ScaleIO Ready Node: Repeated rebuilds on ScaleIO Ready Node cluster
Summary: ScaleIO Dell Ready Node cluster can trigger repeated rebuilds when DAS Caches are configured incorrectly.
Symptoms
When DAS s Cache/SSD space is full, DAS Cache starts flushing the data in the SSD to the hard drive. The way it does that is by sending a lot of IOs to a small part of the drive, thus minimizing the seek and maximizing the throughput on the hard drive. If there are other IOs to the same hard drive, e.g. some large Reads that bypassed the cache, are issued to a different location in the drive, the RAID Controller and the drive will priorities the IOs with the small seek to get the max throughput and sometimes, will cause the other IOs to have high latency.
Cause
Resolution
Apply the below configuration settings, step by step needed to enable DAS Cache (per ScaleIO-ready Dell node):
1. Enter the relevant SDS in Maintenance Mode.

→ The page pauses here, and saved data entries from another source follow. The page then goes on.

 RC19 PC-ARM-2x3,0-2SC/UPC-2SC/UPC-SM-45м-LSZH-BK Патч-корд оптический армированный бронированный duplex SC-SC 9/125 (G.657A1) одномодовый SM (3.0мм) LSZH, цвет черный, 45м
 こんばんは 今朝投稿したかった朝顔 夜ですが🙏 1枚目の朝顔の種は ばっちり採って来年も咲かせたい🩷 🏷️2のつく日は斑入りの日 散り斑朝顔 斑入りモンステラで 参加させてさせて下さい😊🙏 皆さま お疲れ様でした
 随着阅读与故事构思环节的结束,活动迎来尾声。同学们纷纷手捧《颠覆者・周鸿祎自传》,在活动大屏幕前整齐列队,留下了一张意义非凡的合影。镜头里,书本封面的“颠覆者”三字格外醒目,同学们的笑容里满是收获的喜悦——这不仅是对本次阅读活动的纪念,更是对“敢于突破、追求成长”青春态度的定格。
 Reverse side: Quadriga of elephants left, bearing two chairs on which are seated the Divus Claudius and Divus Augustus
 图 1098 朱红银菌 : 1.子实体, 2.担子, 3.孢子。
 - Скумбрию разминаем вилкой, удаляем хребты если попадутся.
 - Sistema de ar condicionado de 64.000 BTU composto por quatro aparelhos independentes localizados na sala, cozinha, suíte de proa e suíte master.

2. Change DAS cache configuration:
a. Set DAS cache parameters:
fscli --set-param AggressiveCachePopulation=0 fscli --set-param BypassLengthKB=128 fscli --set-param RcMaxLengthKB=32 fscli --set-param LowSpaceBypassKb=0
b. Modify DAS cache configuration file ("/etc/fio/config"):
FlusherCmdsNormalToBeStarted = 1 FlusherMaxCmdsToBeStarted = 2
c. Reset node to reload DAS cache driver to apply settings (only needed for step 'b') 2. Change server RAID writes cache settings to write through (effective immediately):
/opt/MegaRAID/perccli/perccli64 /c0/vall set wrcache=wt
3. Modify ScaleIO performance parameters as follows (management only - effective immediately):
scli --set_performance_parameters --sdc_max_inflight_requests 200 --all_sdc --tech scli --set_performance_parameters --sdc_max_inflight_data 20 --all_sdc --tech
4. Exit the relevant SDS from Maintenance Mode. We recommend applying the above settings to only one SDS at the start, checking everything is working properly for a few days before proceeding to the next SDS, and so on.